Like FFTW and cuFFT, the transforms are **unnormalized**. A forward FFT followed
by an inverse FFT multiplies the result by N (the transform size). Users must
explicitly normalize if needed.

FFT File Structure
==================

.. code-block:: text

    src/libmugrid/fft/
    ├── fft_engine.hh         # Template class FFTEngine<MemorySpace>
    ├── fft_engine_base.hh/cc # Base class with field collections and transpose management
    ├── fft_1d_backend.hh     # Abstract interface for 1D FFT backends
    ├── pocketfft_backend.cc  # CPU backend using pocketfft
    ├── cufft_backend.cc      # NVIDIA GPU backend using cuFFT
    ├── rocfft_backend.cc     # AMD GPU backend using rocFFT
    └── transpose.hh/cc       # MPI transpose operations

Operator Kernel Design
**********************

This section describes the design of the discrete differential operators in
*µ*\Grid, including their common design principles for ghost region handling
and periodicity.

Operator Overview
=================

*µ*\Grid provides several discrete differential operators optimized for structured grids:

.. list-table::
   :header-rows: 1
   :widths: 25 30 20 25

   * - Operator
     - Description
     - Stencil Size
     - Input -> Output
   * - ``GenericLinearOperator``
     - Flexible stencil-based convolution
     - Configurable
     - nodal -> quad or nodal -> nodal
   * - ``FEMGradientOperator``
     - FEM gradient (nodal -> quadrature)
     - 8 nodes (3D), 4 nodes (2D)
     - nodal -> quad
   * - ``LaplaceOperator``
     - 7-point (3D) or 5-point (2D) Laplacian
     - 7 (3D), 5 (2D)
     - nodal -> nodal
   * - ``IsotropicStiffnessOperator``
     - Fused elasticity kernel
     - 8 nodes (3D), 4 nodes (2D)
     - nodal -> nodal

Common Design Principles
========================

All operators follow these design principles for consistency and correctness:

Ghost Region Handling
---------------------

All operators make no assumption over boundary conditions and operate on an
interior region only.
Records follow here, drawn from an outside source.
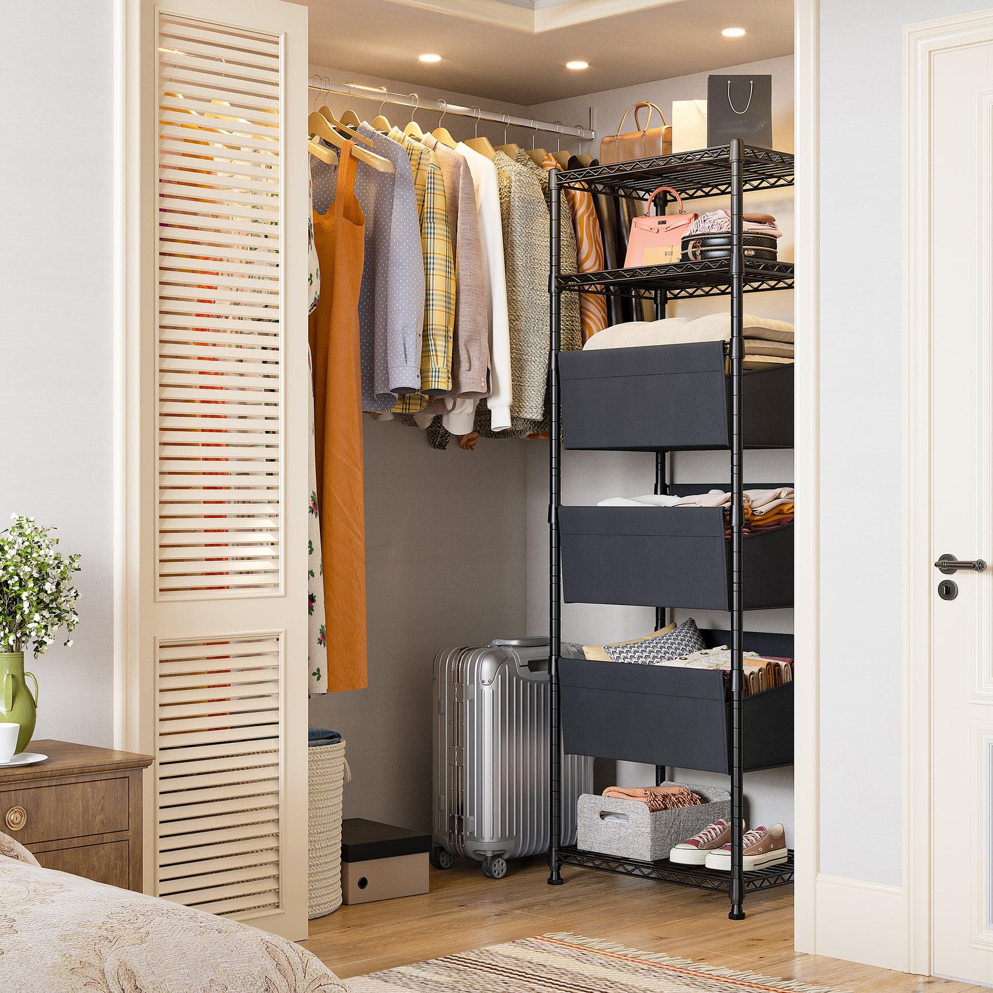 - Our storage shelf has 3 baskets with pre-installed base plates that are more load-bearing. Besides, the tilted design basket of this pantry shelf is easy to reach items. Compared with the full wire shelf, the basket can prevent items from falling off. Do you struggle to keep the samll items organized in small space? Elevate your home organization with a premium storage rack.
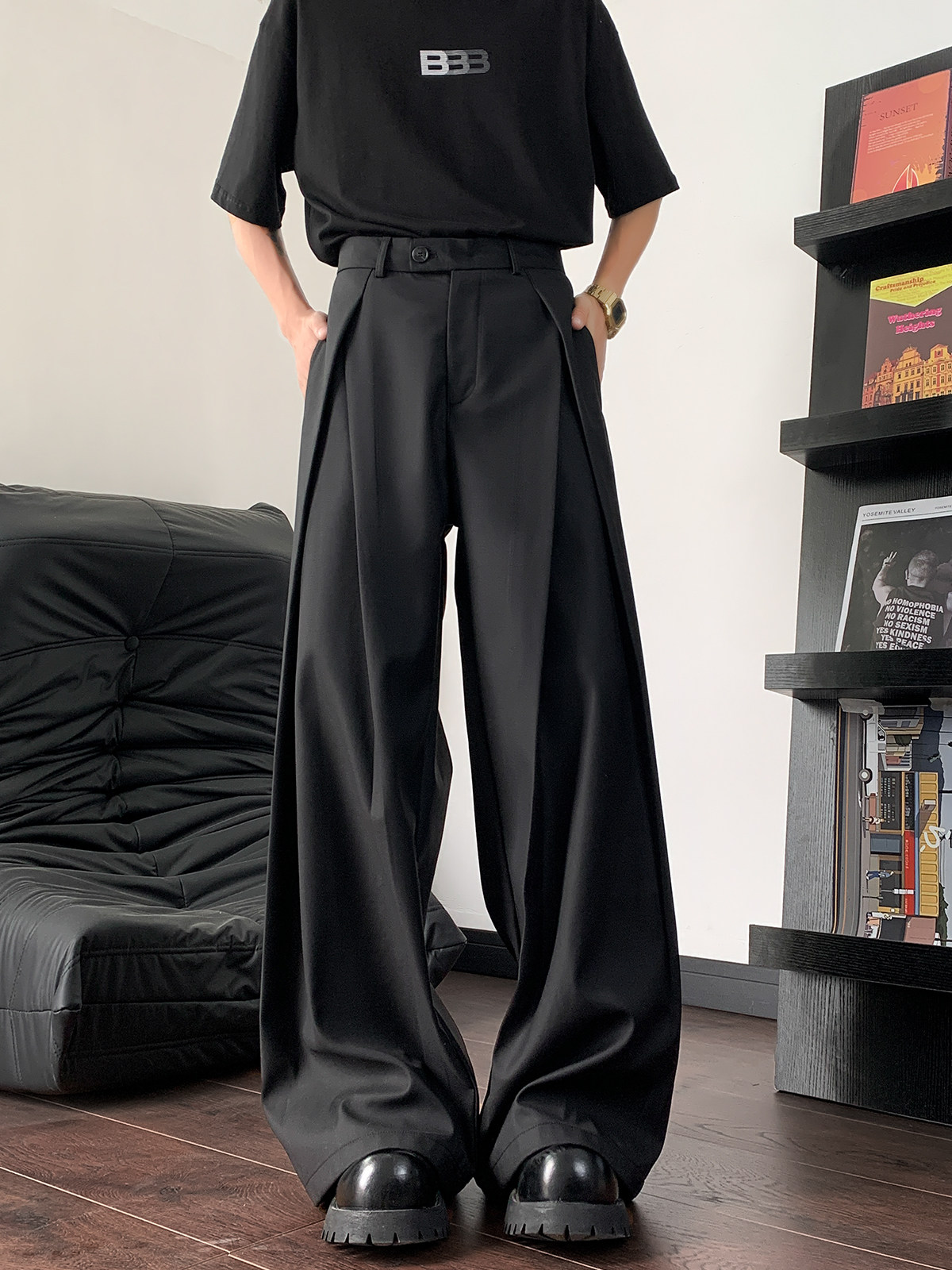 Three-Dimensional Pleated Silhouette Suit Pants for Men, American Style, High-End, Lazy Style, Loose, Casual, Drapey, Floor-Length Wide-Leg Suit Pants
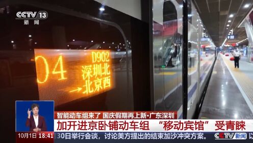 9月30日,一列加开的进京列车驶入深圳北站。列车全列采用软卧单间设计,于当晚6点多发出,次日清晨抵达北京。深圳铁路部门将在10月1日、2日、7日、8日等重点日期加开这趟列车。
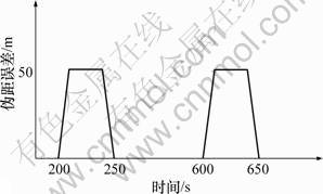 本文取陀螺漂移速度为0.01(°)/h,加速度计漂移为10-5 g,正常时GPS的位置误差为5 m,速度误差为0.1 m/s。设定一条时间跨度1 000 s的匀速飞行过程用于算法仿真,其中在200~250 s和600~650 s的时间段内对GPS可见星中的一颗关键星加入50 m的伪距误差。限于星座模拟器给出的卫星伪距误差模型,实际施加的误差由前后两端斜坡和中间一段常值模型共3段组成,如图1所示。
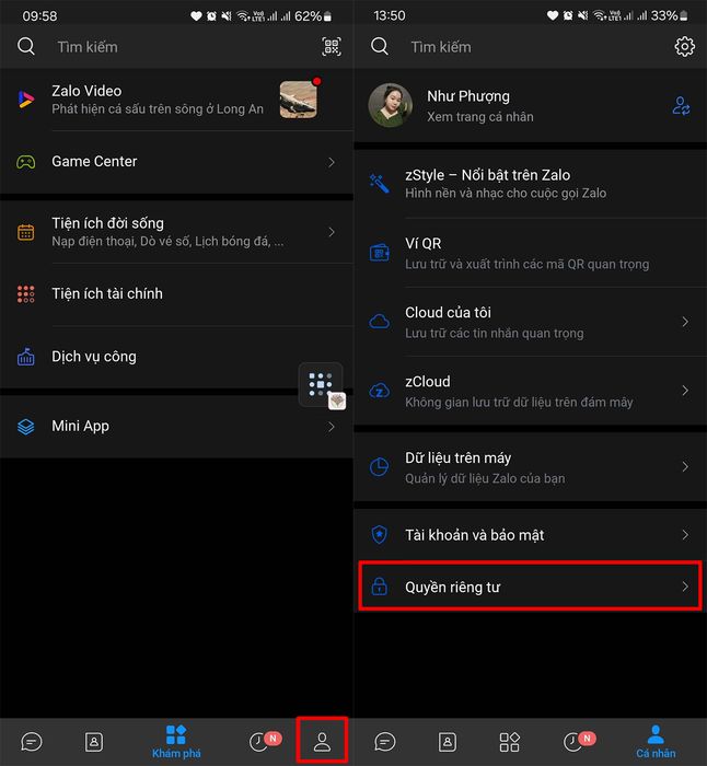 Bước 1: Mở ứng dụng Zalo trên điện thoại của bạn > Chọn biểu tượng Trang cá nhân > Tiếp theo, vào mục Quyền riêng tư để điều chỉnh quyền truy cập.
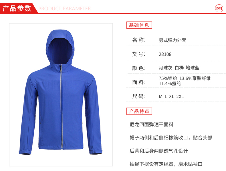 这款连帽外套是锦纶+聚酯混纺而成,耐穿速干透气,拥有四向弹力,后身还有透气孔。
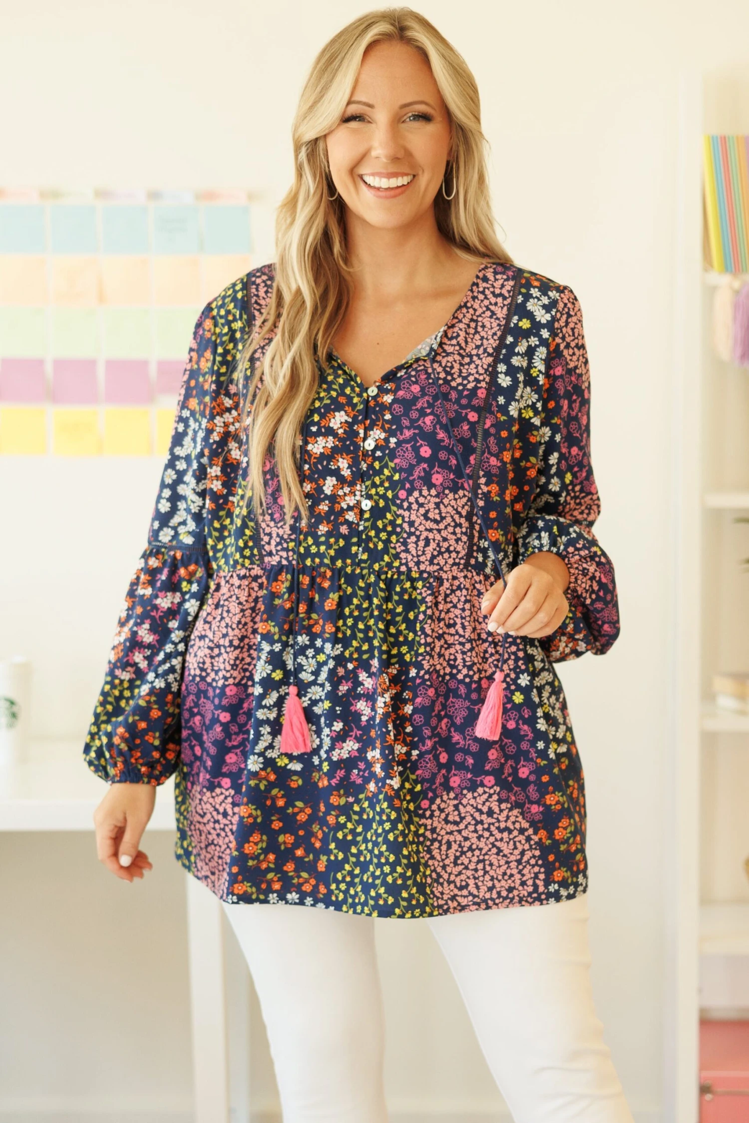 This navy top is perfect for any casual occasion! Its gorgeous floral pattern and flowy fit will have you looking dazzling with ease! Crafted with delicate detail, you’re sure to make a statement with this top!

Distributed-memory parallelization and periodic boundary
conditions are implemented through ghost cell communication:

- **Ghost regions** are filled by ``CartesianDecomposition::communicate_ghosts()``
  before the operator is called
- For **periodic BC**: ghost regions contain copies from the opposite boundary
- For **non-periodic BC** with Dirichlet conditions: boundary node values are
  constrained, and their forces are not computed by the fused kernels (they
  would be overwritten anyway)
- **Interior node computation only**: For all BCs, operators compute forces only
  for interior nodes (e.g. indices 1 to n-2, assuming a ghost buffer of width 1),
  not boundary nodes (indices 0 and n-1)

Stencil Offset Convention
-------------------------

All operators use a stencil offset to define where the operator "centers":

.. code-block:: python

    # Example: FEMGradientOperator with offset [0, 0, 0]
    # Output element (0,0,0) uses input nodes at (0,0,0), (1,0,0), (0,1,0), etc.
    grad_op = muGrid.FEMGradientOperator(3, grid_spacing)

    # Example: GenericLinearOperator with custom offset
    conv_op = muGrid.GenericLinearOperator([0, 0, 0], coefficients)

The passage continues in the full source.